6722 Cochlearia L.
- L., Sp. Pl.: 647 (1753).
- Cochleariopsis Á. Löve & D. Löve, Bot. Not. 128: 513 (1976).
Notes: The northern and arctic Cochlearias have been considered either one species (C. officinalis), two or three (in addition C. groenlandica and sometimes C. arctica), or a few times several species. The group has been extensively studied for its ploidy variation in western Europe (e.g., Gill 1965, 1971) and for morphology, ploidy, and physiology in northern Europe (Nordal et al. 1986; Nordal and Laane 1990, 1996; Nordal and Stabbetorp 1990; Nordal and Bjorå in prep. Flora Nordica). Justification for the single-species view is found in the essential morphological similarity. Justification for two species is mainly found in two ploidy levels with different base numbers and associated with a few morphological characters (but see the treatment of Nordal and Bjorå). The plants that reach the Arctic are, as far as known, either diploid with 2n = 14 (base number x = 7) or tetraploid with 2n = 24 (base number x = 6). Justification for more than two species is found in some not very impressive morphological features. Some revision of this view is under way (Nordal and Bjorå in prep. Flora Nordica).

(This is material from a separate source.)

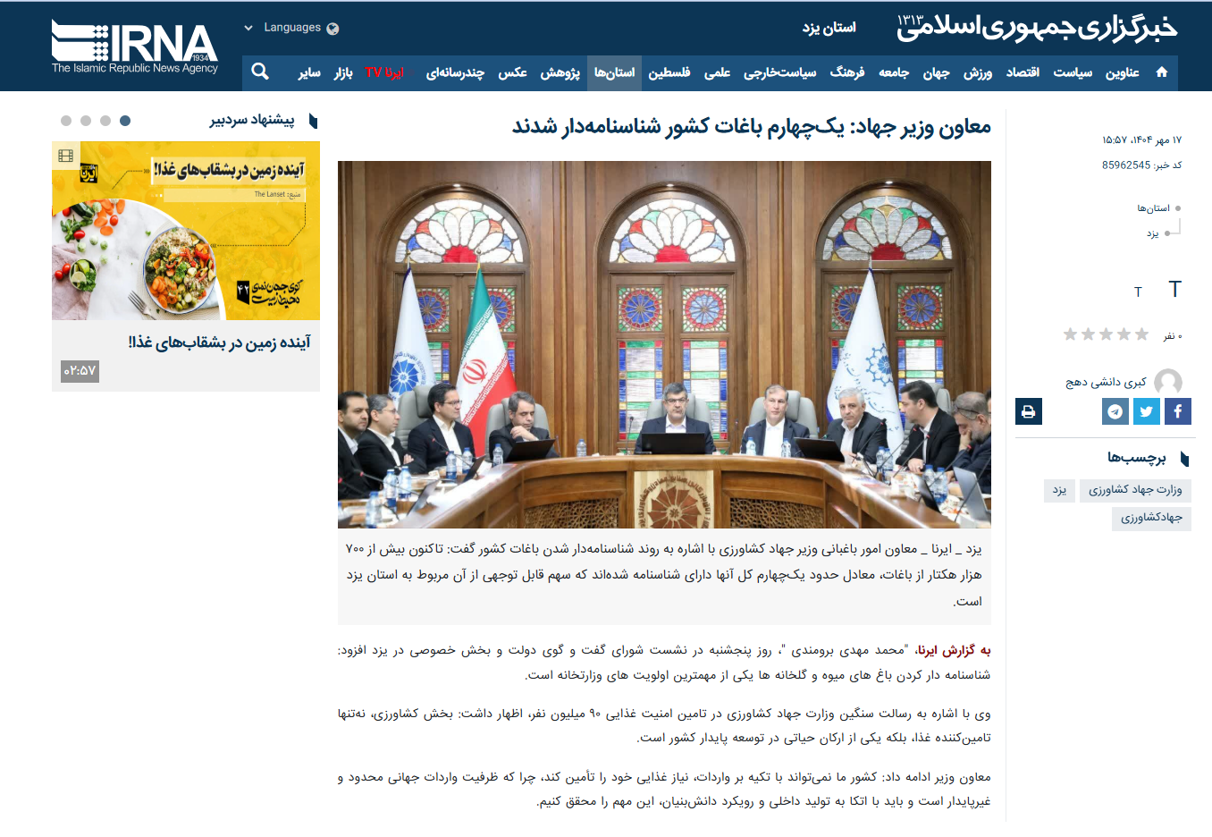 بریده جراید معاون وزیر جهاد: یکچهارم باغات کشور شناسنامهدار شدند تاریخ: 17 مهر, 1404 08:52 محل انتشار: خبرگزاری ایرنا گروه موضوعی: لینک مطلب: https://irna.ir/xjVGPG

Löve and Löve (1976a) described genus Cochleariopsis to include the taxa with x = 7 (rather than x = 6) but this solution has been accepted by no one else as far as we know. It was quite bold, even for the Löves, to recognize in two genera plants that the majority of researchers rather would consider within a single species.
The tetraploid plant is C. officinalis s. str. It is Atlantic European and reaches the Arctic in Norway and European Russia. Nordal and Bjorå (in prep.) also include the diploid Icelandic plants in this species as a subsp. islandica, probably due to morphological and molecular characters. The species is characterized by relatively large flowers with a honey smell (insect pollinated and outcrossing), by mainly being biennial (except for subsp. integrifolia), and by some small features in leaf and fruit shape. The other northern diploid plants are sometimes divided on two species: the circumpolar C. groenlandica (type from Greenland) and the northern Eurasian and amphi-Pacific/Beringian C. arctica (described from northwestern Siberia). Both are largely similar to C. officinalis in morphology and molecular markers. The different base numbers may be due to aneuploidy associated with the polyploidization.
Cochlearia groenlandica differs from the European Atlantic tetraploid C. officinalis s. str. (and probably also from the Icelandic diploid) mainly in being potentially perennial and in having much smaller flowers without the distinct honey smell of C. officinalis, i.e., both the latter characters associated with predominant inbreeding. There may be some chemical (glycosides) and physiological differences (Nordal in comment). As the arctic diploid and the northwestern European diploid + tetraploid probably are reproductively isolated and differ morphologically and ecologically, they can be justified as different species at least from a 'biological' point of view. They have nearly allopatric ranges, possibly with a small overlap in northern Russia.
There are more doubts about whether the arctic diploids can be divided on two species. The formal morphological distinctions between C. arctica and C. groenlandica are small but the characters reported (Petrovsky 1975c; Nikiforova 1994; Sergienko 2008) distinguish between plants that may be recognizable in the field and which have different (albeit strongly overlapping) ranges. All plants inspected from Svalbard and Greenland, and all northern arctic plants from North America and Russia-Siberia, conform morphologically to C. groenlandica (as to type). This means that the names C. fenestrata (based on an arctic northeastern Canadian plant) and C. polaris (based on a Franz Joseph Land plant) are synonyms for C. groenlandica. The more southern arctic plants in northern mainland Russia-Siberia, the Russian Far East, and in Beringian Alaska differ in being more erect with regular branching of the stems and more stem leaves, perhaps also in fruit shape. They have traditionally been assigned under the name C. arctica and are reluctantly accepted by us as a third species. This acceptance is not shared by Nordal in her extensive study of North Atlantic variation in Cochlearia but she did not study much material from northern Russia and Siberia or Beringia. In comparative cultivation, C. groenlandica from Svalbard and C. arctica (subsp. oblongifolia) from Alaska retain or even strengthen their morphological differences but are fully interfertile (L. Gustafsson unpubl.).